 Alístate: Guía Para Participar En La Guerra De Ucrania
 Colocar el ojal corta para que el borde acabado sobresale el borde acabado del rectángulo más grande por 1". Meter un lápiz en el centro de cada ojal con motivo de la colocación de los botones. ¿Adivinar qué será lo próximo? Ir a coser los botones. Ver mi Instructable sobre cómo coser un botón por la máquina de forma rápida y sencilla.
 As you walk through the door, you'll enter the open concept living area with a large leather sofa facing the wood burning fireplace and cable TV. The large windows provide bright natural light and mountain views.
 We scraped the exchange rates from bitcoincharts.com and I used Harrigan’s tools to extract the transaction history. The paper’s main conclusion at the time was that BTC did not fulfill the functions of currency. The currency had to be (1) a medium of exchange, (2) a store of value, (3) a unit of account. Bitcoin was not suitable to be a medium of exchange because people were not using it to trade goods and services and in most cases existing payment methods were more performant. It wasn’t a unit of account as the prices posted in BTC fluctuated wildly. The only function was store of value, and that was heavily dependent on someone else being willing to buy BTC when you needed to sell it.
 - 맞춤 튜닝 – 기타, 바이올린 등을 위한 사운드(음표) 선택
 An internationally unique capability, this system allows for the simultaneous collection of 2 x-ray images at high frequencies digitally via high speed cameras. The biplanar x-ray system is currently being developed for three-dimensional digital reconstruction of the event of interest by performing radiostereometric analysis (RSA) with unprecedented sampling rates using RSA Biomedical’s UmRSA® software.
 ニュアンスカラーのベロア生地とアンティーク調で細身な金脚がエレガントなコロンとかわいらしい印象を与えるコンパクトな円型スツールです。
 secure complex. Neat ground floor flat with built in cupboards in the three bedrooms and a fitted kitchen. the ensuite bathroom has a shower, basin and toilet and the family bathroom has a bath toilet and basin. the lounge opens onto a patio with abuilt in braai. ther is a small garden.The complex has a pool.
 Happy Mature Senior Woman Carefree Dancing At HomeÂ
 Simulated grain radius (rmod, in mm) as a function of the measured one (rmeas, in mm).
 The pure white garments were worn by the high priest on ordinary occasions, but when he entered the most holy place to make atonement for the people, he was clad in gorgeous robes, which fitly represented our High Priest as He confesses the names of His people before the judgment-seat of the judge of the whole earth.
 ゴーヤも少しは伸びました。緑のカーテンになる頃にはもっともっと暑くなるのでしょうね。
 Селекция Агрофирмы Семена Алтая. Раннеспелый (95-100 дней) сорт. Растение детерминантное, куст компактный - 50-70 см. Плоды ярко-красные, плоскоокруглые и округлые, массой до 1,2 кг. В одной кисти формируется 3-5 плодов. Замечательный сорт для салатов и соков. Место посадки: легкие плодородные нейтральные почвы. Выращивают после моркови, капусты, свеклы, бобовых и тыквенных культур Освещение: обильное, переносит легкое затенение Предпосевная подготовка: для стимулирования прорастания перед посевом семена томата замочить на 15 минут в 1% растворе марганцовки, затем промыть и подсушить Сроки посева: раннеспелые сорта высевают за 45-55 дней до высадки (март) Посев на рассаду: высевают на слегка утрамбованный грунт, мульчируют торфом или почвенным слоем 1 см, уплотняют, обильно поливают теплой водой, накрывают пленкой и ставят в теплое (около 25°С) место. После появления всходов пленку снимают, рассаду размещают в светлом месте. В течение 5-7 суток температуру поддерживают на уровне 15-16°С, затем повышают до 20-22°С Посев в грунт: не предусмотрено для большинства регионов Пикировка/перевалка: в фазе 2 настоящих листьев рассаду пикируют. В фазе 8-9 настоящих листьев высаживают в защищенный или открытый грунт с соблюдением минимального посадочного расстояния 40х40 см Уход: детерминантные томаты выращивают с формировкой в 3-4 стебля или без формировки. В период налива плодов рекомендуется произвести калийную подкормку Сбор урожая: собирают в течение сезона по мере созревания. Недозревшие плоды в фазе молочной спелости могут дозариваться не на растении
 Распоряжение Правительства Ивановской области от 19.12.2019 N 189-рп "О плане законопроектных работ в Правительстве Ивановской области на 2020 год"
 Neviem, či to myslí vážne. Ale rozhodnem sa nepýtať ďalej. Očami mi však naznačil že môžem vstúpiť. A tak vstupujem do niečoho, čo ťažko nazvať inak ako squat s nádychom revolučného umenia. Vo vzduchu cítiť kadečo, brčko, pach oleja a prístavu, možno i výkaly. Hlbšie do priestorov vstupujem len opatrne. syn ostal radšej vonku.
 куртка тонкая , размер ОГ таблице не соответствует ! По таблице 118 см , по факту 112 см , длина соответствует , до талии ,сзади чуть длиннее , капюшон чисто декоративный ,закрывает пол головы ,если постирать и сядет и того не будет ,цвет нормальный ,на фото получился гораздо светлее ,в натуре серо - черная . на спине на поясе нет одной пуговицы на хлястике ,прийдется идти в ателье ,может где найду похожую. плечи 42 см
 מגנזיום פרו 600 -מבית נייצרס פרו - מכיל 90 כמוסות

## PROBLEM REQUIREMENTS
The response should consist only of the lines from the one containing "Neviem, či to" to the end of the material above, both included.

## OUTPUT BELOW
 Neviem, či to myslí vážne. Ale rozhodnem sa nepýtať ďalej. Očami mi však naznačil že môžem vstúpiť. A tak vstupujem do niečoho, čo ťažko nazvať inak ako squat s nádychom revolučného umenia. Vo vzduchu cítiť kadečo, brčko, pach oleja a prístavu, možno i výkaly. Hlbšie do priestorov vstupujem len opatrne. syn ostal radšej vonku.
 куртка тонкая , размер ОГ таблице не соответствует ! По таблице 118 см , по факту 112 см , длина соответствует , до талии ,сзади чуть длиннее , капюшон чисто декоративный ,закрывает пол головы ,если постирать и сядет и того не будет ,цвет нормальный ,на фото получился гораздо светлее ,в натуре серо - черная . на спине на поясе нет одной пуговицы на хлястике ,прийдется идти в ателье ,может где найду похожую. плечи 42 см
 מגנזיום פרו 600 -מבית נייצרס פרו - מכיל 90 כמוסות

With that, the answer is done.